Aleksey, Ukraine, 33 years old: “I was told I had no chance to survive and doctors did not want to deal with me”

I am from Severodonetsk – this town is known for its nitrogen chemical plant. My parents worked there.  As for me, I decided to follow my own path and after graduating from school I studied to be a plasterer. It was really interesting for me, but I never wanted to be a pilot or an astronaut.

Later I got a job, but then I found myself in a bad situation – exercising self-defence during a fight. So, when I was 21, I was put behind the bars for 8 years.

It was very hard for me in prison. However, I worked and followed the rules, so I was released two years early. We did not receive money for our work there, but it helped me to avoid degradation. Besides, those who worked could live in better conditions and send presents to their family for free. We had an assembly line producing chess sets, icons, bread baskets, kitchen boards and other similar things. My mother loved my presents, her house is full of them.

After my release, I got my LPR documents (edit. – Luhansk People’s Republic is an unrecognized republic on the territory of Ukraine; according to the Order of the RF President, the Russian Federation recognizes the documents issued to people in the Luhansk region of Ukraine) and in early 2018 I came to Moscow to join my mother, who had been living there for several years.

In April, I was admitted to a hospital as my immune status fell down really low. I have HIV and the doctors could not understand what the reason was for my low immune status, but when they did a gastroscopy, they told my mother that it was over… that I would die soon. I had abdominal tuberculosis. 

Not a single hospital agreed to treat me. Vladimir Mayanovskiy (edit. – Chair of the Coordination Council of the All-Russian Union of People Living with HIV) helped me; he found a hospital, where I had two surgeries.
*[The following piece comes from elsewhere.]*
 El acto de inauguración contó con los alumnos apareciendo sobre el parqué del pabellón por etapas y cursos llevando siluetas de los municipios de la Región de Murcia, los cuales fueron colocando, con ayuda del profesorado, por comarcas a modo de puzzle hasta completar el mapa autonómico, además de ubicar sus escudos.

Because of my low immune status, the sutures did not hold. Then my duodenal ulcer started bleeding because of the treatment with heavy TB medicines. In eighteen months, I had five surgeries, every day I had 12-15 droppers, with the dropper sets looking like decorated New Year trees. For a while, I could not even walk.
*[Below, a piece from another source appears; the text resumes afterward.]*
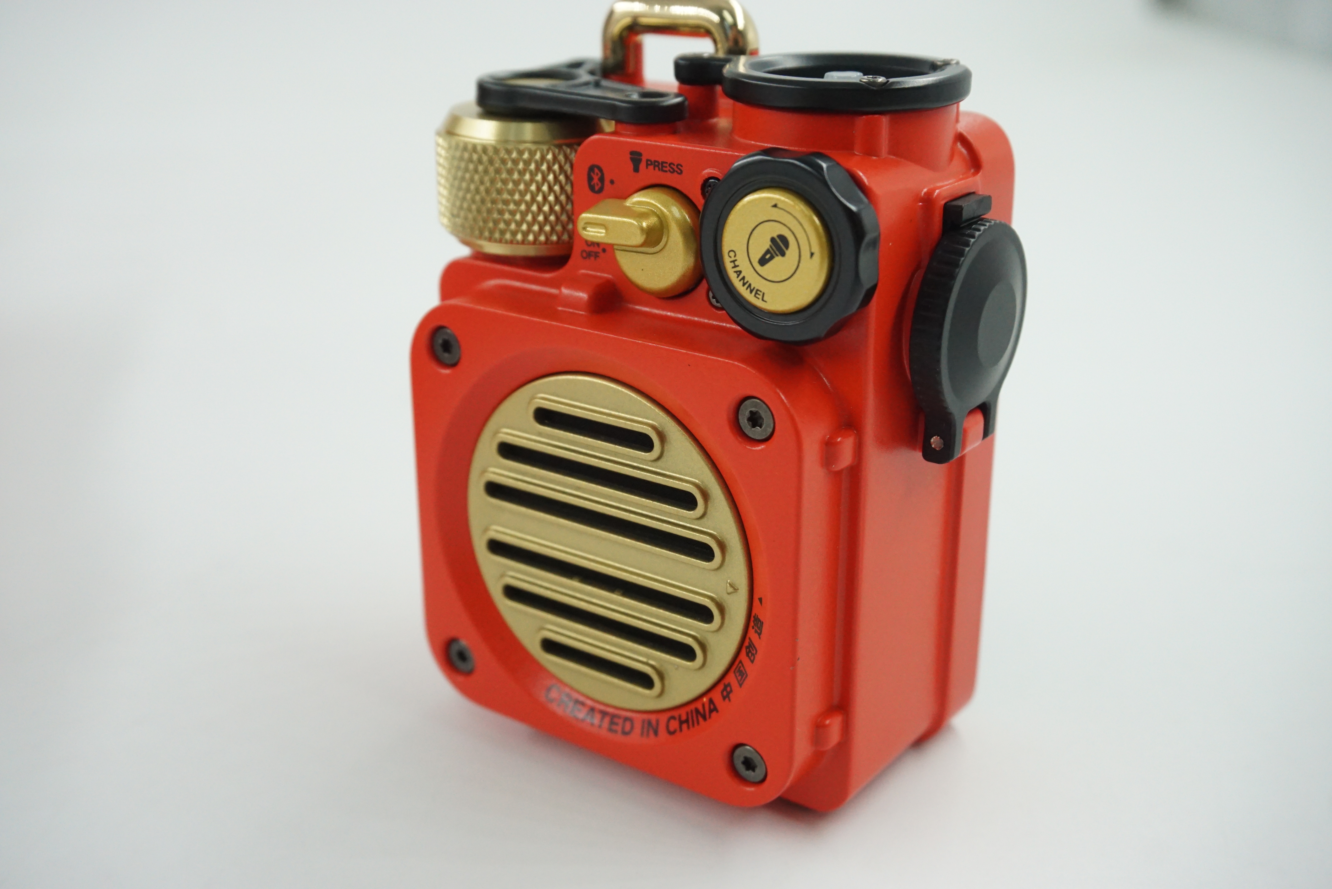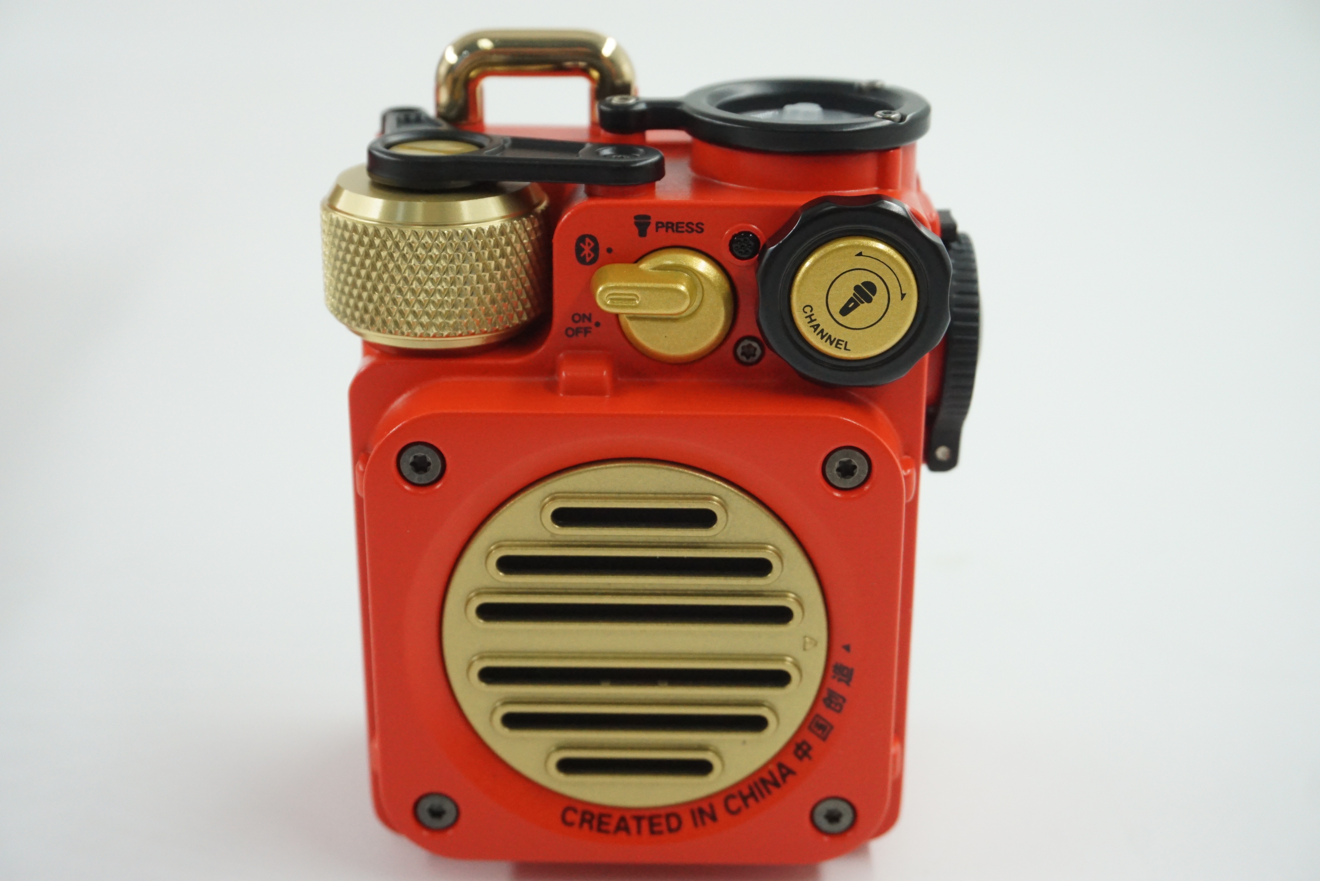 전형적인 밀리터리 디자인으로 조작 버튼은 간단합니다. 전원 조작부와 플래쉬 온오프 그리고 트랙 이동 / 정지 재생이 전부 입니다.

By summer 2020, I felt better and was switched to outpatient treatment. For three more years, they will keep me registered with the local TB treatment clinic for follow-up and I will have to do my X-rays and tests regularly.

I received all my treatment free of charge and I am very grateful to my numerous doctors. Where did I get it? I am sure it was not in prison as it was all fine there. I think it happened back when I worked in Moscow at a metal site. There were different people coming here, maybe one of them brought me this plague.

Tuberculosis leaves certain traces on your life. I cannot lift heavy objects. It is better for me to keep away from damp places and not to overtire myself. After tuberculosis, every person has to individually decide what job to choose and how to build their further life.

Besides, I want to say that I spent part of my treatment in a TB treatment centre, in a department for people living with HIV. Only 10-15% of people there really wanted to cure their disease. Others not only kept drinking and smoking, but even took drugs. There were people who did not leave this centre for 10 years, that’s what is scary. During the whole time I received treatment there – for over a year on and off – out of a hundred people there only a few who were making efforts to get cured and never come back.

I was told I had no chance to survive and doctors did not want to deal with me, so I am “lucky” rather than “happy.”

By the way, I am not afraid that someone would learn about my HIV status or tuberculosis. Many people know about it and it does not push them away. Nobody ever told me “don’t take my mug.” People look not at your status but at what kind of man you are.

I plan to have a family, but before I need to get more stable financially. Now people live normal lives with HIV and have children. We have groups in messengers, where we talk and support each other. If someone starts feeling depressed, we do what we can to help. People there know each other well; they get married and have children. There are many happy stories.

Written by Ekaterina Ivashchenko
Illustrations by Aleksandr Nosov

Comment by Daniel Kashnitsky, REG expert, Junior Researcher at the Higher School of Economics, Moscow:
“Usually, foreigners, who get sick with tuberculosis in Russia, get treatment within emergency care for the first two weeks – up to the moment, when they become smear-negative, which means that they are not a danger to people around them and cannot transmit the infection anymore. Then they are told that to continue their treatment they need to go back to “their home country.” Some patients, who are really lucky, manage to complete their treatment without leaving Russia. It is possible in some cases – if the administration of the health facility finds a way to register the foreigner under another category such as a homeless person or in some other way. This is what happened in the case of Aleksey. To eliminate the risks of tuberculosis treatment interruption and development of severe complications, it is crucial to create the conditions for migrants to complete their tuberculosis treatment where they start it.”